Background
Reed Supermarket is located in the large Westgate Plaza shopping center in Columbus, Ohio. Reed’s competitors are Family Dollar and Aldi, Reed’s current strategy is to offer a higher price but lower range than Aldi (Quelch & Carlson, 2011). Reed’s real competitor is Family Dollar Stores, which has a gross margin of 32.5 versus what Reed showed (Quelch, J.A, & Carlson, 2011). It is necessary to develop a strategy in which Reid will have a competitive advantage.
Recommendations
The recommendation for Reed to increase competitive advantage will be a strategy to reduce prices and concentrate the product range. For example, the sale of fresh seafood and pharmacy products does not contribute to attracting the average buyer, but incurs high costs for the chain of stores.
Basis for Recommendation
The main basis for the recommendations were given in accordance with the SWOT analysis attached to Exhibit 1. The main threat to Reed is competition and the lack of a basis for fighting it at the moment. Rival Aldi is already making big profits as it presents a much lower price. Dollar Store does not represent serious competition for Reed, but its profits can go up due to its good location.
Assumptions and Risks
Change of strategy is always a risky process, but in this case it is necessary and inevitable.
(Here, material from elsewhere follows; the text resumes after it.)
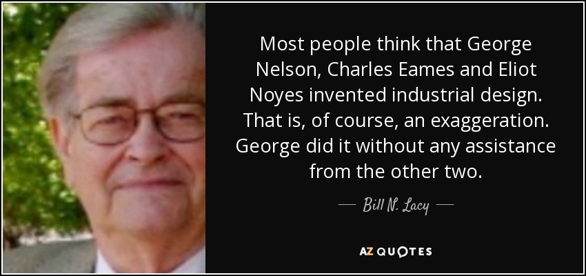 Most people think that George Nelson, Charles Eames and Eliot Noyes invented industrial design. That is, of course, an exaggeration. George did it without any assistance from the other two.

Price reduction is the easiest way to secure a competitive advantage. In addition, a decrease in the assortment of the store will lead to a decrease in supply chain costs, which cannot but positively affect the overall costs of the chain.
Next Steps
The next step should be to determine the minimum threshold for price reduction in order to understand the level of risk that the company can take. Since all stores are located in the same shopping complex, it is also necessary to understand the flow of customers that contributes to visiting a particular store.
Exhibit 1
Reference
Quelch, J.A, & Carlson, C. (2011). Reed Supermarkets: A New Wave of Competitors. Harvard Business Publishing Education. (n.d.). Web.